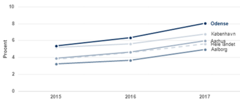
Figur 1: Andelen af fattige børn i 4-byerne

Note: Børn defineres som værende personer under 18 år. Kilde: Danmarks Statistik (INDFORD) og egne beregninger
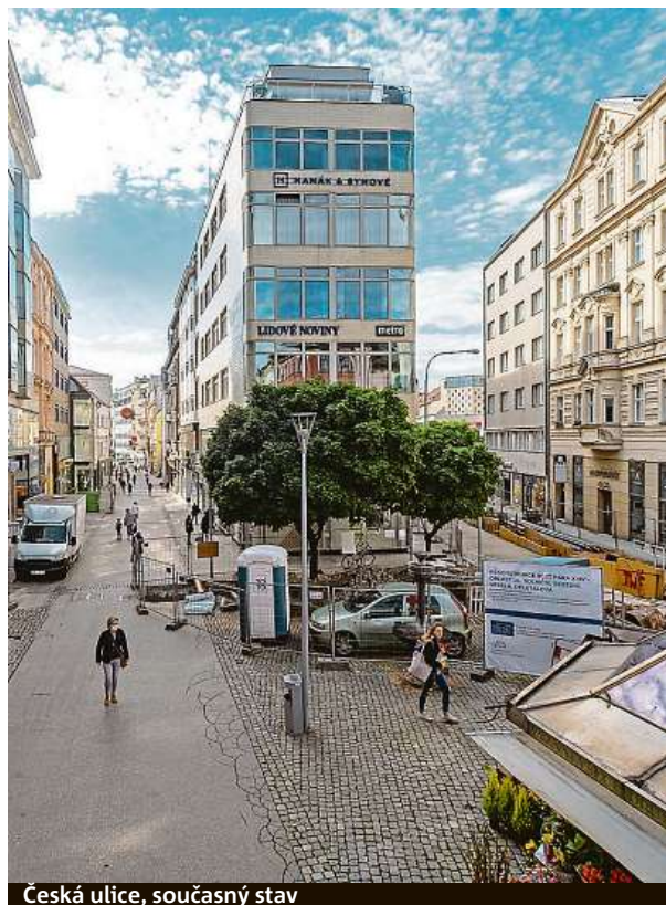
Česká ulice, současný stav

Nutné je pečlivě vybírat jednotlivé prvky nového povrchu. Dlaždice musí ladit.
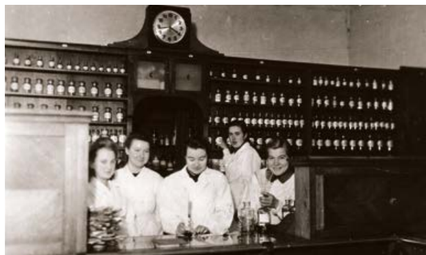
Jēkabpils aptiekas darbinieki. 1945. gads
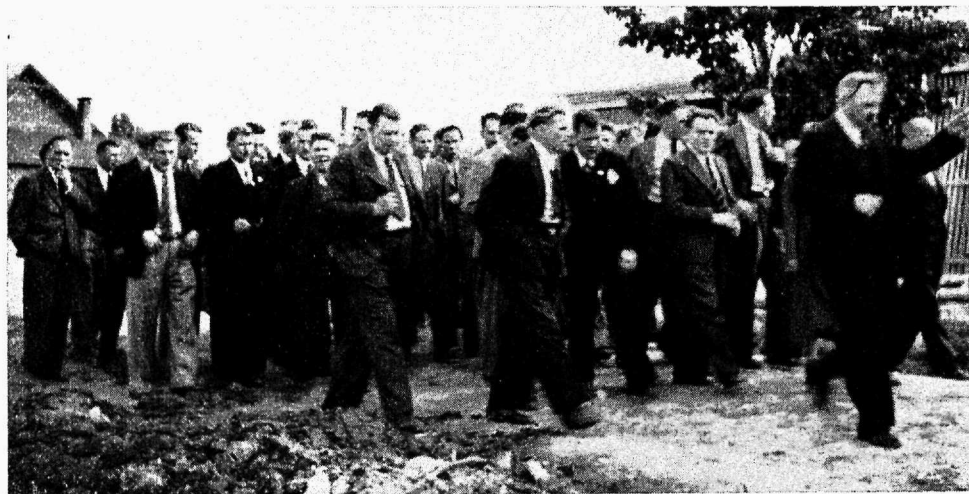
Ühistegevusekursioonist osavõtjad Põltsamaal ETK aias
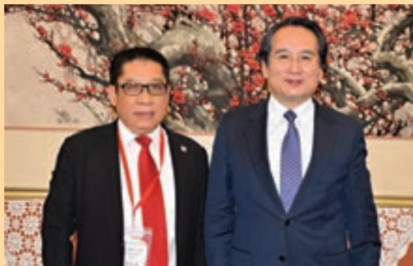
■中央統戰部副部長譚天星(右)與理事長蘇長榮合照。
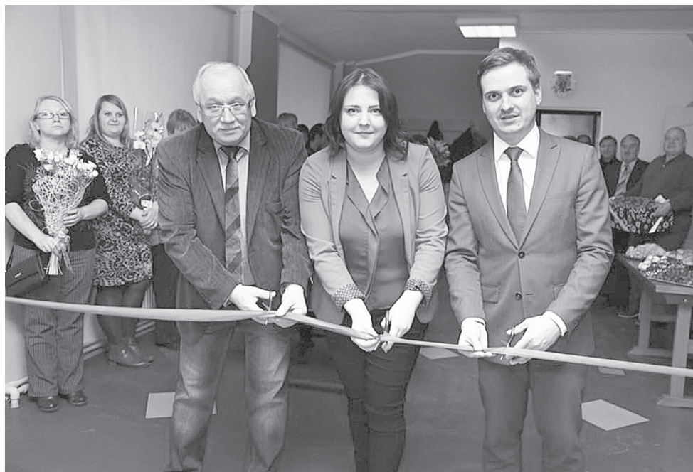
Konkrēts posms sadarbībai, pagasts – multifunkcionālais centrs – novads, noslēdzies.

Multifunkcionālais centrs „Logs” ir pulcēšanās vieta visu paaudžu Sarkaņu pagasta iedzīvotājiem un tā viesiem.
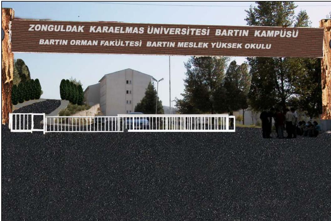
Şekil 14. Orman Fakültesi girişinin şu anki görünümü ve düzenlenmiş hali.
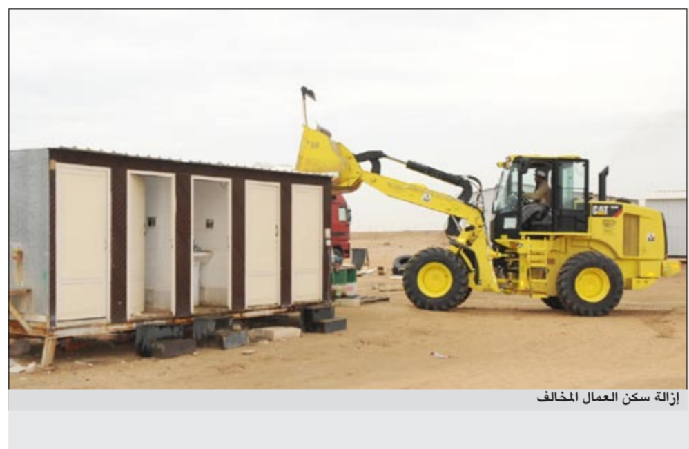
إزالة سكن العمال المخالف
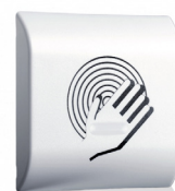
BEA Interrupteur Magic Switch

Détecteur infrarouge de sécurisation pour portes battantes
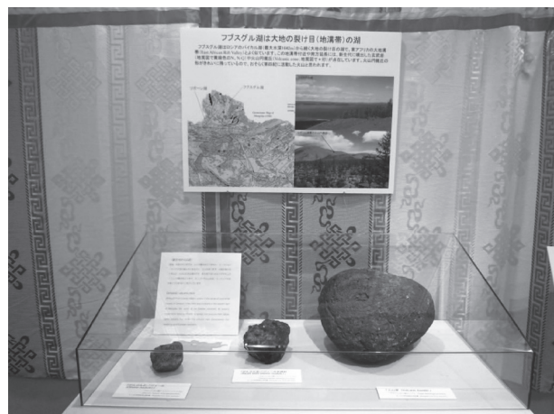
図6 モンゴル中央部で産出した火山弾の展示（モンゴル科学技術大学蔵）。

Although there is rarely volcanic activity in the center of continental masses, in Cenozoic times there was a volcano in the western part of Mongolia, the center of the Eurasian continent. As tectonic movements force continents to spread, the pressure from below forms volcanic hot spots. This volcanic rock demonstrates the breaking-up of Eurasian continent.
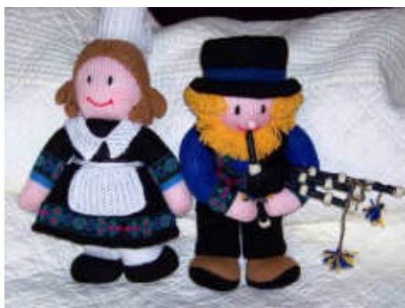
TELETHON LAZ 2009 Bigoudens010
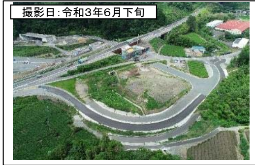
撮影日: 令和3年6月下旬
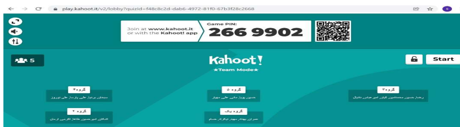
شکل ۲. گروه‌بندی دانش‌آموزان در حالت تیم مد پلتفرم کاهوت

سازمان‌دهی کلاس درس بر مبنای سطوح پیشرفت تحصیلی دانش‌آموزان در دسته‌های ۵-۶ نفره گروه‌بندی شکل گرفت. از دو رویکرد یادگیری مشارکتی (تقسیم به گروه‌های نامتجانس پیشرفت تحصیلی و گروه‌های بازی-مسابقه) در فرآیند پژوهش استفاده شد. دانش‌آموزان هر گروه با توجه به نقشه محتوایی، بخشی از کتاب را قبل از کلاس مطالعه می‌کردند و نکات موردنظر را در گروه واتساپی به اشتراک می‌گذاشتند که زمان کلاس درس هم به جمع‌بندی نهایی می‌رسیدند و نتیجه هر گروه گزارش می‌شد و گزارش نهایی گروه‌ها نقد و بررسی می‌شد.
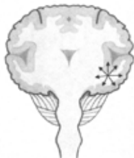
Μερικές ή εστιακές κρίσεις ξεκινούν από ένα μέρος του εγκεφάλου.

Οι απλές μερικές κρίσεις είναι τοπικές κρίσεις, που επηρεάζουν μόνο ένα μέρος του εγκεφάλου. Τα συμπτώματα που έχει το άτομο εξαρτώνται από ποια λειτουργία ελέγχει εκείνο το μέρος του εγκεφάλου. Η κρίση μπορεί να προκαλέσει μια ακούσια κίνηση ή ακαμψία ενός άκρου του σώματος, αίσθηση ντεζαβού, μια δυσάρεστη οσμή ή γεύση, ή δυσάρεστες αισθήσεις στο στομάχι όπως ανακάτεμα ή ναυτία. Το άτομο έχει όλες τις αισθήσεις του καθόλη τη διάρκεια της κρίσης. Η κρίση συνήθως διαρκεί λιγότερο από ένα λεπτό και μετά το άτομο συνέρχεται. Όταν μια μερική κρίση εξαπλωθεί και σχετίζεται με ολόκληρο τον εγκέφαλο, αποκαλείται δευτερογενής γενικευμένη κρίση.

**ASSIGNED TASK**. Output everything in the records exactly, leaving pictures out.

**YOUR SOLUTION**.
Figur 1: Andelen af fattige børn i 4-byerne

Note: Børn defineres som værende personer under 18 år. Kilde: Danmarks Statistik (INDFORD) og egne beregninger
Česká ulice, současný stav

Nutné je pečlivě vybírat jednotlivé prvky nového povrchu. Dlaždice musí ladit.
Jēkabpils aptiekas darbinieki. 1945. gads
Ühistegevusekursioonist osavõtjad Põltsamaal ETK aias
■中央統戰部副部長譚天星(右)與理事長蘇長榮合照。
Konkrēts posms sadarbībai, pagasts – multifunkcionālais centrs – novads, noslēdzies.

Multifunkcionālais centrs „Logs” ir pulcēšanās vieta visu paaudžu Sarkaņu pagasta iedzīvotājiem un tā viesiem.
Şekil 14. Orman Fakültesi girişinin şu anki görünümü ve düzenlenmiş hali.
إزالة سكن العمال المخالف
BEA Interrupteur Magic Switch

Détecteur infrarouge de sécurisation pour portes battantes
図6 モンゴル中央部で産出した火山弾の展示（モンゴル科学技術大学蔵）。

Although there is rarely volcanic activity in the center of continental masses, in Cenozoic times there was a volcano in the western part of Mongolia, the center of the Eurasian continent. As tectonic movements force continents to spread, the pressure from below forms volcanic hot spots. This volcanic rock demonstrates the breaking-up of Eurasian continent.
TELETHON LAZ 2009 Bigoudens010
撮影日: 令和3年6月下旬
شکل ۲. گروه‌بندی دانش‌آموزان در حالت تیم مد پلتفرم کاهوت

سازمان‌دهی کلاس درس بر مبنای سطوح پیشرفت تحصیلی دانش‌آموزان در دسته‌های ۵-۶ نفره گروه‌بندی شکل گرفت. از دو رویکرد یادگیری مشارکتی (تقسیم به گروه‌های نامتجانس پیشرفت تحصیلی و گروه‌های بازی-مسابقه) در فرآیند پژوهش استفاده شد. دانش‌آموزان هر گروه با توجه به نقشه محتوایی، بخشی از کتاب را قبل از کلاس مطالعه می‌کردند و نکات موردنظر را در گروه واتساپی به اشتراک می‌گذاشتند که زمان کلاس درس هم به جمع‌بندی نهایی می‌رسیدند و نتیجه هر گروه گزارش می‌شد و گزارش نهایی گروه‌ها نقد و بررسی می‌شد.
Μερικές ή εστιακές κρίσεις ξεκινούν από ένα μέρος του εγκεφάλου.

Οι απλές μερικές κρίσεις είναι τοπικές κρίσεις, που επηρεάζουν μόνο ένα μέρος του εγκεφάλου. Τα συμπτώματα που έχει το άτομο εξαρτώνται από ποια λειτουργία ελέγχει εκείνο το μέρος του εγκεφάλου. Η κρίση μπορεί να προκαλέσει μια ακούσια κίνηση ή ακαμψία ενός άκρου του σώματος, αίσθηση ντεζαβού, μια δυσάρεστη οσμή ή γεύση, ή δυσάρεστες αισθήσεις στο στομάχι όπως ανακάτεμα ή ναυτία. Το άτομο έχει όλες τις αισθήσεις του καθόλη τη διάρκεια της κρίσης. Η κρίση συνήθως διαρκεί λιγότερο από ένα λεπτό και μετά το άτομο συνέρχεται. Όταν μια μερική κρίση εξαπλωθεί και σχετίζεται με ολόκληρο τον εγκέφαλο, αποκαλείται δευτερογενής γενικευμένη κρίση.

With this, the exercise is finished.